My CPU is an AMD Athlon XP 2200+ which I think should be enough for most demos.

I don't think you get my point, though. To me, demos are supposed to look awesome even on slower hardware - compare for example The Castle, Little Nell or Relic running on AGA and a 50MHz 060 and a demo that requires a 2.2GHz P4 and a GF4 Ti4200. Of course the PC demo should be fast! Where did optimization go?
Well, it really is a different planet now.  In the '80s-'90s, hardware didn't scale - demoing was a show of skill.  Today, hardware scales on a weekly basis, and it's... let's say, equally important... to show you can conceive of *anything* that puts it to use.  The commodity software scene certainly isn't doing the job (because, let's face it, you can't make *money* off something that only runs on the cutting 0.1% of the PC scene!)...

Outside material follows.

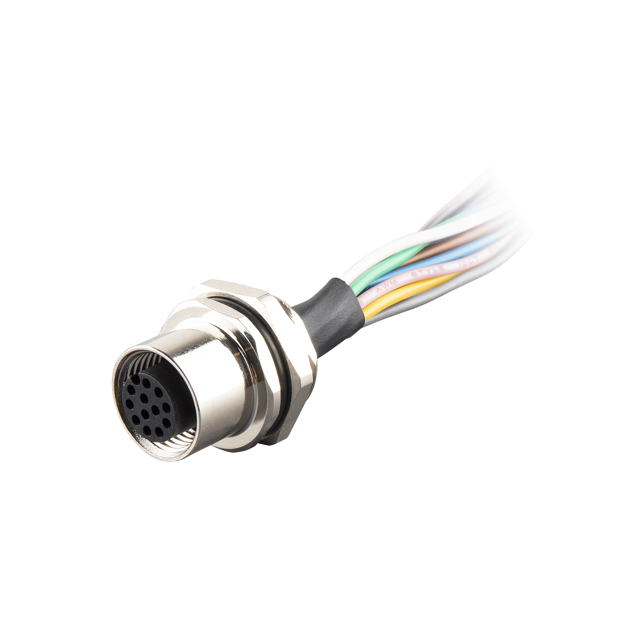 Flange-Mount Bulkhead Connector, with cable, m12 A-code 12-pin Straight Female, m16 Hole dimension, Rear mount, with PVC Cable, 2 m

That said, I haven't really looked, lately.  I was amused to find something from MFX? (mfx_d2.tgz, forget if I found it on Scene.org?) for Linux that ran under SDL and FreeBSD's Linuxulation... that whet my appetite, and I went looking for other Linux demos that actually looked like "demos," but seems the few groups who've released have done a poor job of explaining what, exactly, their software requires (and thus is 'doing').

Obviously, to have a 'scene' as open as that some people knew (I was never really around for it), you can't be restricting to rare and expensive hardware... but I think there's room enough for both approaches to have their place.